▶ [Required action] Your task is to repeat all of the data exactly while excluding the pictures.

*** Supplied information

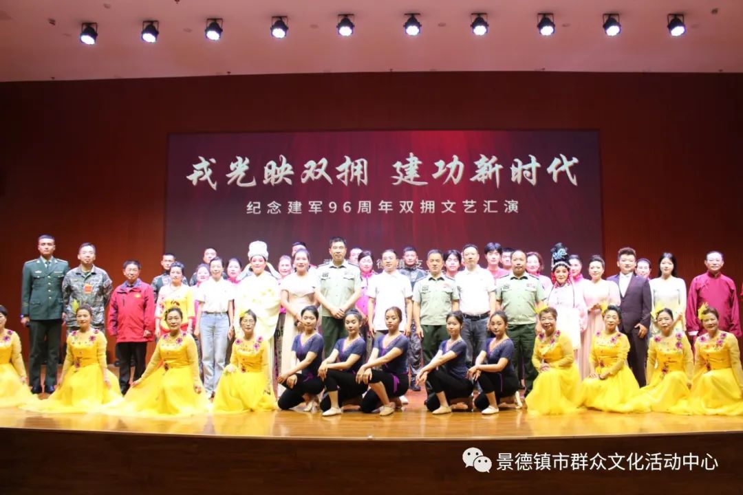 在中国人民解放军建军96周年来临之际,为进一步做好新时代双拥工作。景德镇市群众文化活动中心联袂武警景德镇支队举办了一场以“戎光映双拥 建功新时代”为主题的文艺演出,给战士们送上了一场文化盛宴。武警景德镇支队支队长龚涛,政治委员周勇敢,景德镇市文旅局党组成员、副局长占兴华出席此次活动。
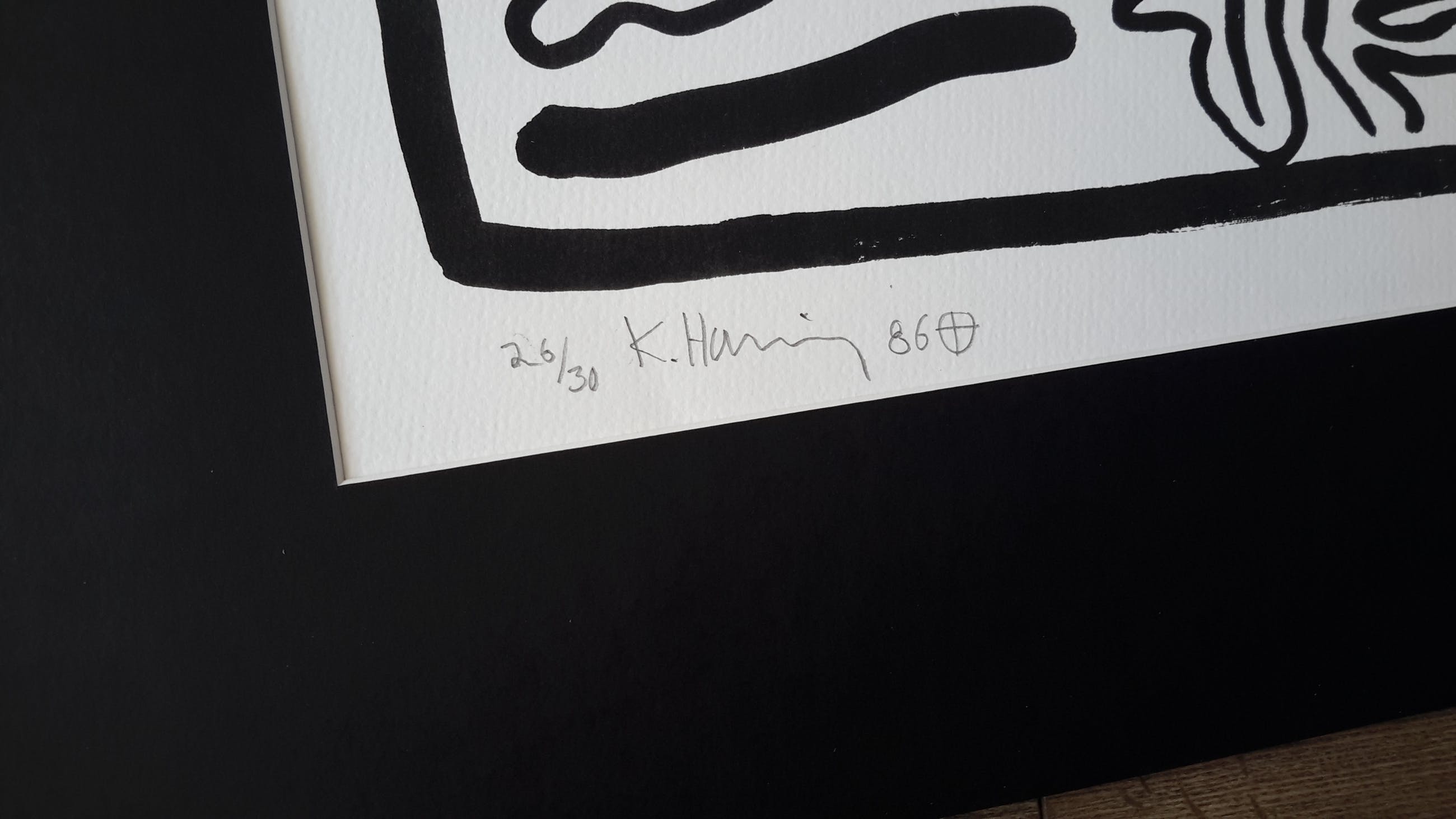 Zeefdruk van Keith haring Bad boys 26/30 uitgegeven door Bebert Rotterdam , Handgesigneerd en genummerd met potlood door Keith Haring.
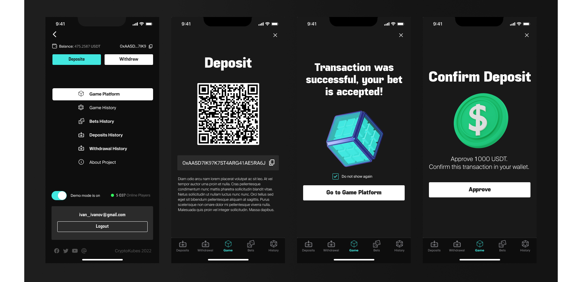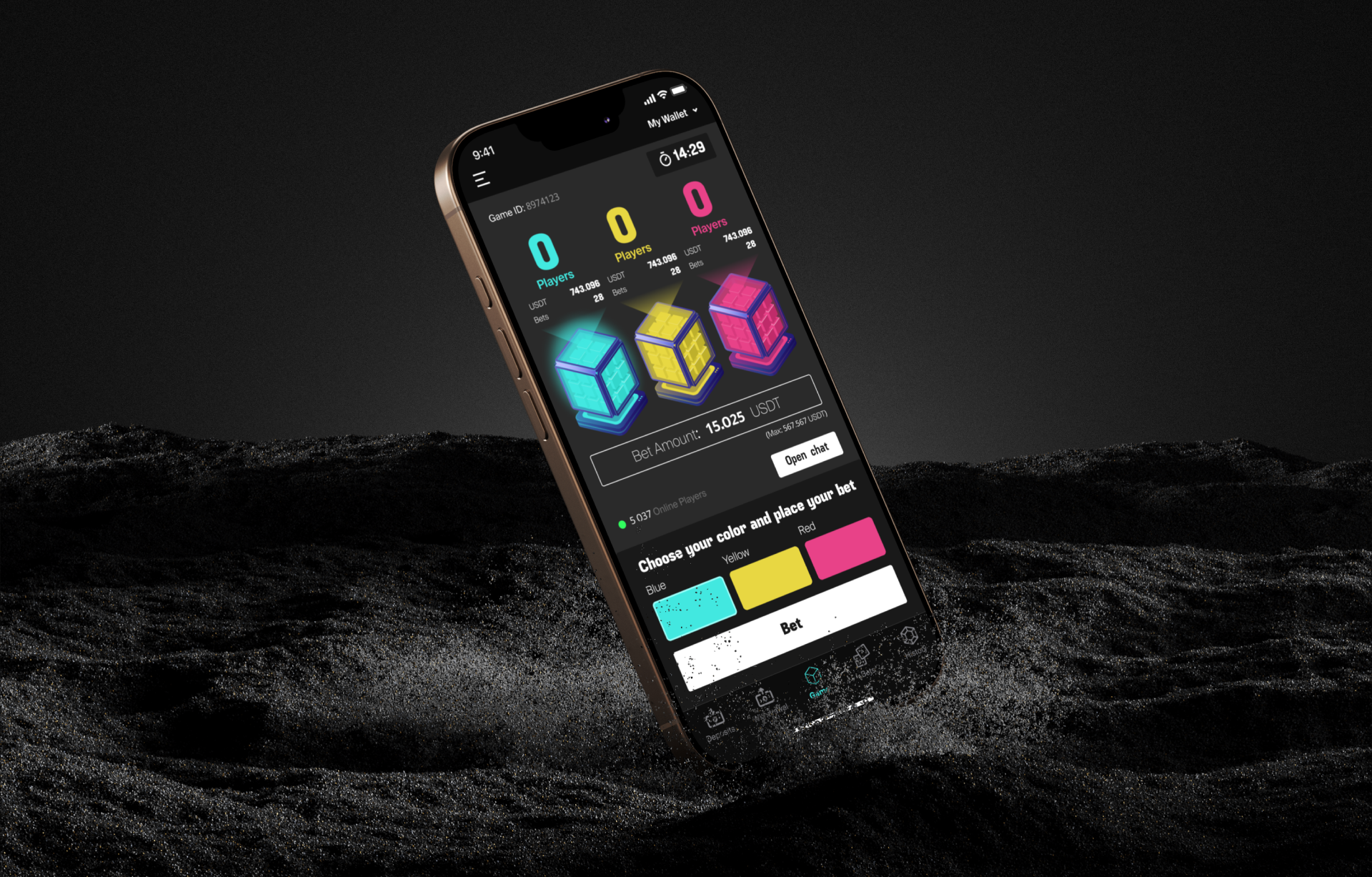 Gra blockchain z mechaniką zakładów, w której użytkownicy obstawiają w USDT kolory kostek, oparta na smart kontraktach sieci Tron. Aplikacja została zrealizowana jako rozwiązanie wieloplatformowe na iOS i Android z obsługą portfela kryptowalutowego oraz interfejsu gry.

******

▶ [Output below]
 在中国人民解放军建军96周年来临之际,为进一步做好新时代双拥工作。景德镇市群众文化活动中心联袂武警景德镇支队举办了一场以“戎光映双拥 建功新时代”为主题的文艺演出,给战士们送上了一场文化盛宴。武警景德镇支队支队长龚涛,政治委员周勇敢,景德镇市文旅局党组成员、副局长占兴华出席此次活动。
 Zeefdruk van Keith haring Bad boys 26/30 uitgegeven door Bebert Rotterdam , Handgesigneerd en genummerd met potlood door Keith Haring.
 Gra blockchain z mechaniką zakładów, w której użytkownicy obstawiają w USDT kolory kostek, oparta na smart kontraktach sieci Tron. Aplikacja została zrealizowana jako rozwiązanie wieloplatformowe na iOS i Android z obsługą portfela kryptowalutowego oraz interfejsu gry.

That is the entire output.